# Diffusion‑Aligned Embeddings (DAE)

This repository contains a reference implementation of the Diffusion‑Aligned
Embeddings (DAE) algorithm.  DAE is a method for constructing weighted
affinity graphs with self‑tuning bandwidths and for computing embeddings via
continuous‑time Markov chain (CTMC) dynamics.  It supports a variety of
distance metrics, kernel families and k‑NN backends, and can be accelerated
with optional libraries such as FAISS, hnswlib, Annoy or pynndescent.

## Features

* Build a weighted k‑nearest neighbor graph with per‑sample bandwidths
  following the UMAP self‑tuning procedure.
* Choose from several symmetrization rules (mean, max, min, geometric,
  harmonic, UMAP) to fuse directed edge weights into an undirected graph.
* Use fast k‑NN search backends including FAISS, hnswlib, Annoy or
  pynndescent when available, or fall back to scikit‑learn.
* Select distance metrics (Euclidean, cosine, Mahalanobis) and register
  custom metrics at runtime.
* Choose kernel families (UMAP heavy‑tail, Student‑t, exponential, power‑law
  and more) or provide your own numba‑compiled kernel.
* Compute diffusion embeddings with a continuous‑time Markov chain optimizer
  (see `ctmc_engine.py`).

## Installation

Install the core package from source using pip:

```bash
pip install .
```

The core dependencies are `numpy`, `scipy`, `numba` and `scikit‑learn`.  To
enable optional k‑NN backends or symbolic kernel expressions, install one or
more of the extra sets:

```bash
pip install .[faiss]        # FAISS accelerated k‑NN
pip install .[hnswlib]      # hnswlib accelerated k‑NN
pip install .[annoy]        # Annoy accelerated k‑NN
pip install .[pynndescent]  # pynndescent accelerated k‑NN
pip install .[sympy]        # symbolic kernel expressions
```

## Quick start

Below is a minimal example that constructs a weighted k‑NN graph from
synthetic data and prints the number of edges:

```python
import numpy as np
from dae.ctmc_engine import CTMCEmbedding

# Generate synthetic data
X = np.random.randn(100, 5).astype(np.float32)
# Get enbeddings (see object for functionality). 

Y = CTMCEmbedding().fit_transform(X, n_epochs=500) 
```

See the docstrings in `ctmc_engine.py` for descriptions of all parameters and return values.

## Citing

If you use this code in your research please cite the DAE paper (insert
appropriate citation here).

## License

This project is licensed under the MIT License.  See the `LICENSE` file for
details.

## Reproduction of cpu experiments. 

To reproduce the results, upload the notebook to google colab and run the notebook.
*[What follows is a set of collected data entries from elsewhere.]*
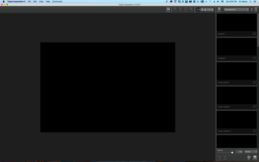 Also, Topaz Impressions 2 will sometimes freeze the entire computer when itās trying to load a painting effect profile (e.g. Van Gogh 1), then log me out of my session. When I log back in, itās prompting to reload the image.
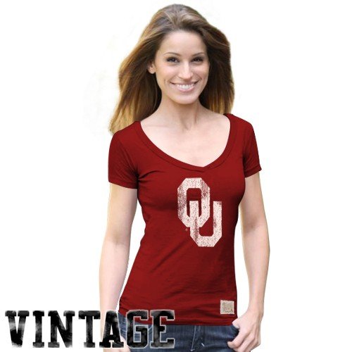 Cheap Oklahoma Sooners Ladies Crimson Distressed Arch V-neck Vintage Premium T-shirt Review
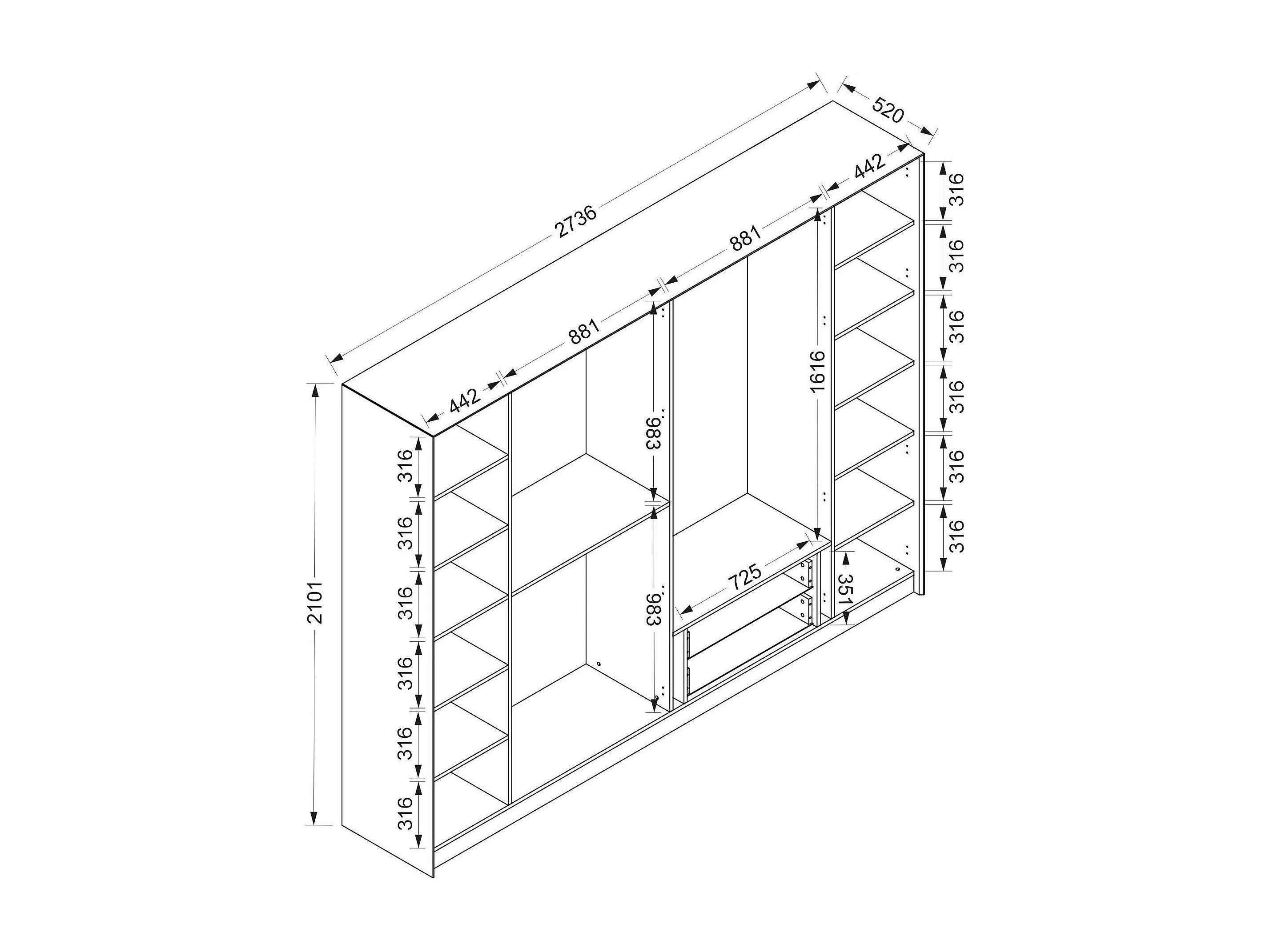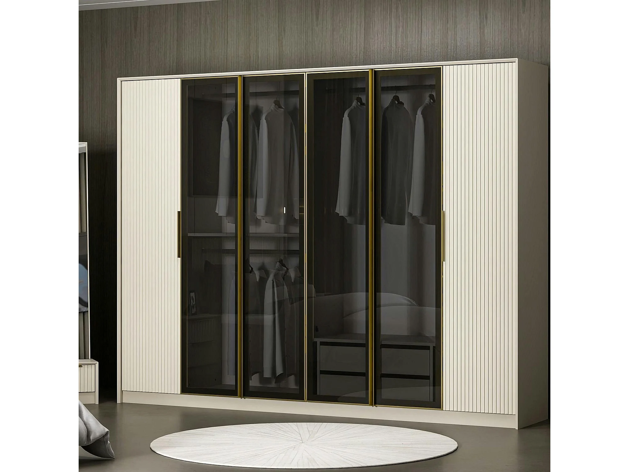 Armoire dressing blanc 4 portes verre H 210 cm BYRON

The datasets can be obtained from datasets.base.py
Dataframe containing the results of the ablations is also available. To use the package more generally run `pip install .`

## Large scale experiments. (see zip). 

Steps:
  - Run HVG selection `run_hvg.py`;
  - Download tissue slices with `download_slices.py` to fetch filtered datasets (slices) for the selected tissues;
  - Train scVI with `compute_scvi.py` to learn latent representations of the datasets using scVI.
  - Compute embeddings with `compute_embeddings.py` on the scVI latent space.
  - Plot embeddings with `plot_embeddings.py` to visualize the computed embeddings, colored by cell types.